WASHINGTON — The House passed a massive $340 billion transportation bill on Thursday, striking two key provisions hated by the banking industry while adding several other measures that could affect financial institutions.
The House bill, which passed 363 to 64, amended the Senate's DRIVE Act to strike a provision that would have paid for the bill by slashing dividends paid to banks by the Federal Reserve Board. It also eliminated a provision that would have extended an increase in guarantee fees charged by Fannie Mae and Freddie Mac.
Instead, Reps. Randy Neugebauer, R-Texas, and Bill Huizenga, R-Mich., successfully added an amendment that would liquidate a $29.3 billion surplus account at the Fed and deposit the balance into the general fund.
Rep.
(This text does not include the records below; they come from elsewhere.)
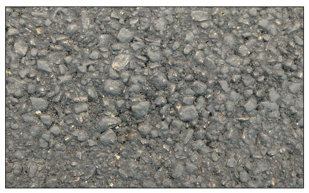
Photograph 9 - Moderate Segregation (bordering on Severe) (Close-Up)
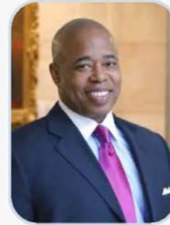
Honorable Eric Adams
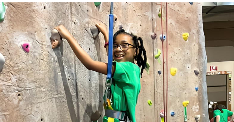
Rock climbing wall
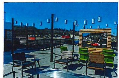
Roof-Top Terrace w/ TV's & BBQ's
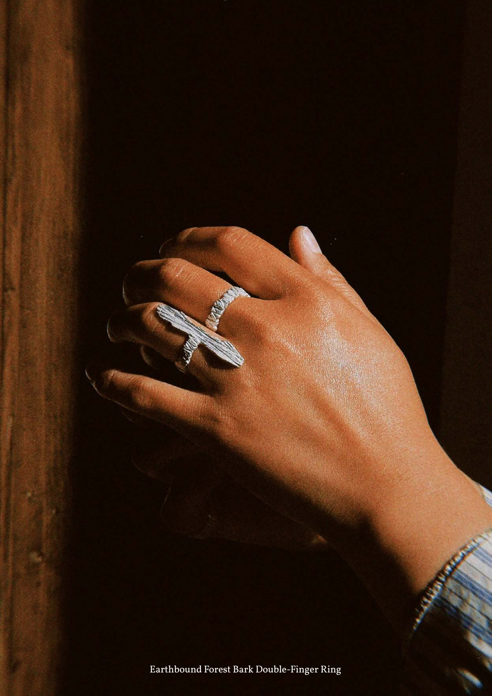
Earthbound Forest Bark Double-Finger Ring
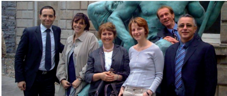
Examination Team for the Phase 2bis on-site visit to Ireland.
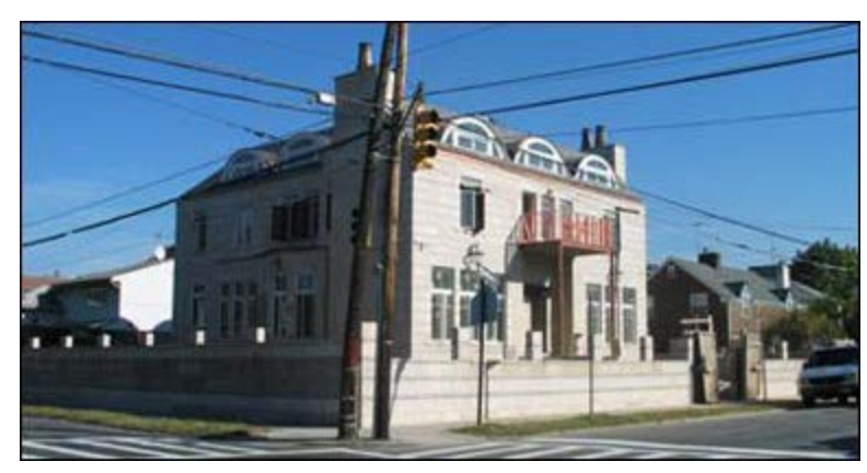
Out-of-context single-family detached house on Jewel Avenue.
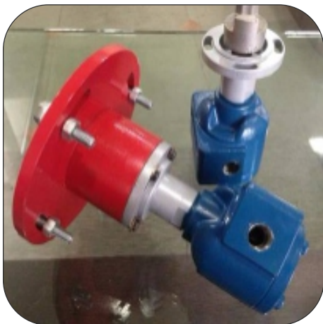
Seal Cooling Pumps
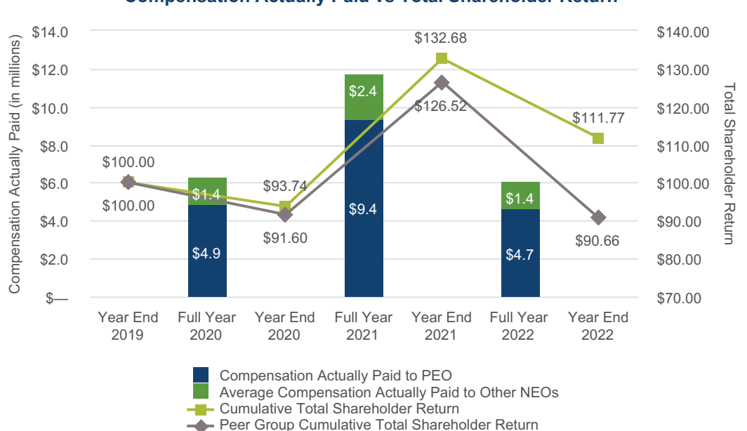
Compensation Actually Paid vs Total Shareholder Return

The following chart reflects the relationship between our NEO compensation actually paid, calculated in accordance with with Item 402(v) of Regulation S-K, versus the performance of Rayonier's common shares (assuming reinvestment of dividends). The chart also compares the performance of Rayonier's common shares with that of the FTSE NAREIT All Equity REIT Index.
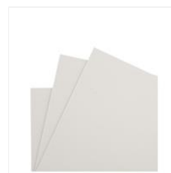
Color Splash Watercolor Sheets - JM-0076
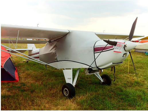
Kitfox Spandex FlyAway Travel Canopy Cover

Travel Covers are made with Silver Solution-Dyed Polyester fabric and only lined over the windshield to save weight. The material is lightweight and more compact for easy stowage in the aircraft. The polyester material is water resistant, but only intended for occasional use outside. We also have an ultra lightweight material available for fitted hangar dust covers. For daily outdoor use, the non-travel Sunbrella Cover is the best choice.

Jeb Hensarling, R-Texas, also succeeded in adding a Frankenstein amendment that contained the texts of 15 different bills that had been approved previously by the House. The bills would, among other things, ease annual privacy notice requirements for certain financial institutions, allow privately-insured credit unions to become members of the Federal Home Loan Bank system and let more banks qualify for less regular on-site exams from regulators.
The financial services industry is not celebrating yet. House and Senate leaders must still negotiate on a final bill, reconciling the differences between their respective versions.